Date uploaded: 2022-03-15 21:17:42
President Joe Biden predicted that banning energy imports from Russia would deal a powerful blow to Russian President Vladimir Putin’s war machine. But he also warned that it would likely drive gas prices even higher in the United States, which he said should motivate the U.S. to accelerate the transition to clean energy.
“If we do what we can, it will mean that no one has to worry about the price at the gas pump in the future,” he said. “That’ll mean tyrants like Putin won’t be able to use fossil fuels as weapons against other nations.”
Politicians often talk about the need for the U.S. to be energy dependent but seldom define exactly what that means. If the definition is producing enough energy domestically so that Americans no longer have to buy it from the rest of the world, by some measures the U.S. has already crossed that threshold.
Up to the early 1950s, the United States imported relatively small amounts of energy from foreign sources, according to the U.S. Energy Information Administration.
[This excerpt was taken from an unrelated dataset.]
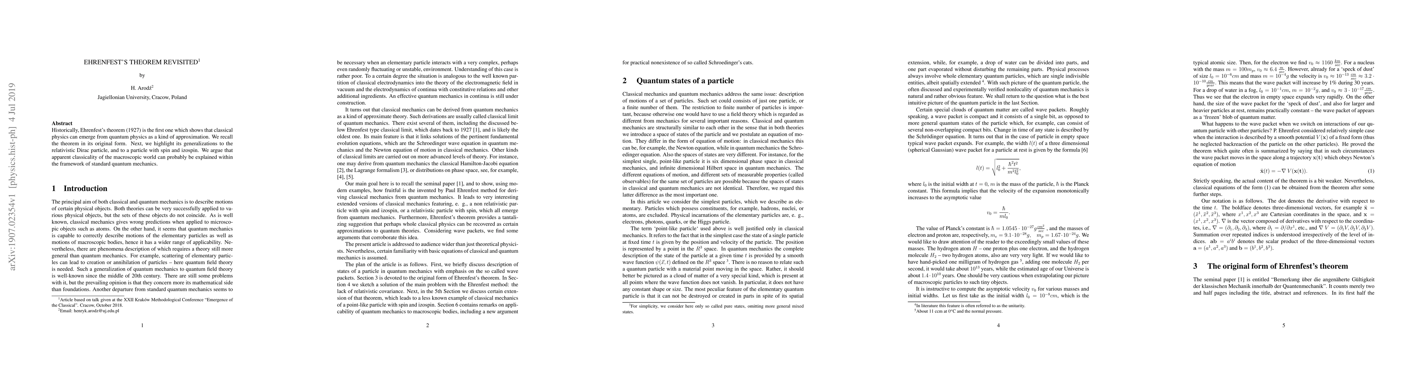 Ehrenfest's theorem demonstrates how classical physics emerges from quantum mechanics as an approximation. Its generalizations extend to relativistic particles and those with spin and isospin, suggesting that standard quantum mechanics can explain the apparent classicality of the macroscopic world.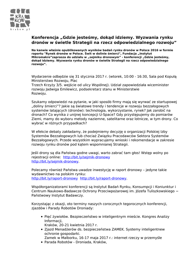 Konferencja „Gdzie jesteśmy, dokąd idziemy. Wyzwania rynku dronów w świetle Strategii na rzecz odpowiedzialnego rozwoju” Na kanwie właśnie opublikowanych wyników badań rynku dronów w Polsce 2016 w formie raportu "Rynek dronów w Polsce. Świt w dolinie śmierci", Fundacja „Instytut Mikromakro”zaprasza do udziału w „sejmiku dronowym” - konferencji „Gdzie jesteśmy, dokąd idziemy. Wyzwania rynku dronów w świetle Strategii na rzecz odpowiedzialnego rozwoju”. Wydarzenie odbędzie się 31 stycznia 2017 r. (wtorek, 10:00 - 16:30, Sala pod Kopułą Ministerstwo Rozwoju, Plac Trzech Krzyży 3/5. wejście od ulicy Wspólnej). Udział zapowiedziała wiceminister rozwoju Jadwiga Emilewicz, podsekretarz stanu w Ministerstwie Rozwoju. Szukamy odpowiedzi na pytanie, w jaki sposób firmy mają się wyrwać ze startupowej „doliny śmierci”? Jakie są światowe trendy i tendencje w rozwoju bezzałogowych systemów latających (dronów): technologia, wykorzystanie, rynek? Jak zarobić na dronach? Co wynika z unijnej koncepcji U-Space? Gdy przystępujemy do pomiarów Ziemi, mamy do wyboru metody naziemne, satelitarne oraz lotnicze, w tym drony. Co wybrać w różnych przypadkach? W efekcie debaty zakładamy, że podejmiemy decyzję o organizacji Polskiej Izby Systemów Bezzałogowych lub chociaż Związku Pracodawców Sektora Systemów Bezzałogowych. Przede wszystkim wypracujemy wnioski i rekomendacje w zakresie rozwoju rynku dronów pod kątem wspomnianej Strategii. Jeśli drony są dla Państwa godne uwagi, warto zabrać tam głos! Wstęp wolny po rejestracji online: http://bit.ly/sejmik-dronowy http://bit.ly/sejmik-dronowy. Polecamy również Państwa uwadze inwestycję w raport dronowy – jedyne takie wydawnictwo na polskim rynku: http://bit.ly/raport-dronowy http://bit.ly/raport-dronowy. Współorganizatorami konferencji są Instytut Badań Rynku, Konsumpcji i Koniunktur i Centrum Naukowo-Badawcze Ochrony Przeciwpożarowej im. Józefa Tuliszkowskiego − Państwowy Instytut Badawczy. Korzystając z okazji, oto terminy naszych corocznych tegorocznych konferencji, zjazdów i Parady Robotów Droniady: Pięć żywiołów. Bezpieczeństwo w inteligentnym mieście. Kongres Analizy Informacji, Kraków, 20-21 kwietnia 2017 r. Zjazd Menadżerów ds. bezpieczeństwa ZAMEK. Systemy inteligentnew ochronie gospodarki. Zamek w Malborku, 16-17 maja 2017 r.: internet rzeczy w przemyśle Parada Robotów - Droniada, Kraków, 16-18 czerwca 2017 r.: drony + bikony + warsztaty reagowania kryzysowego Rejestrację na te konferencje rozpoczniemy 30 stycznia 2017 r. Prezentację poszczególnych konferencji znajdą Państwo na stronie 5zywiolow.pl lub bezpośrednio tu: bit.ly/Mikromakro2017 <http://bit.ly/Mikromakro2017> . Źródło: Fundacja „Instytut Mikromakro” Powered by TCPDF (www.tcpdf.org)

In the mid-‘50s, the U.S. began to import greater amounts of crude oil and petroleum products, such as gasoline and distillate fuels, to fill the gap between petroleum consumption and domestic production.
But over time that trend reversed.
In 2019 and 2020, the U.S. exported more primary energy (energy in its raw form) than it imported – the first time that had happened since 1952, the agency said.
There are currently more than 9,100 leases the federal government has approved that oil companies have yet to drill on as well as another 4,600 that are pending review, according to the federal Bureau of Land Management.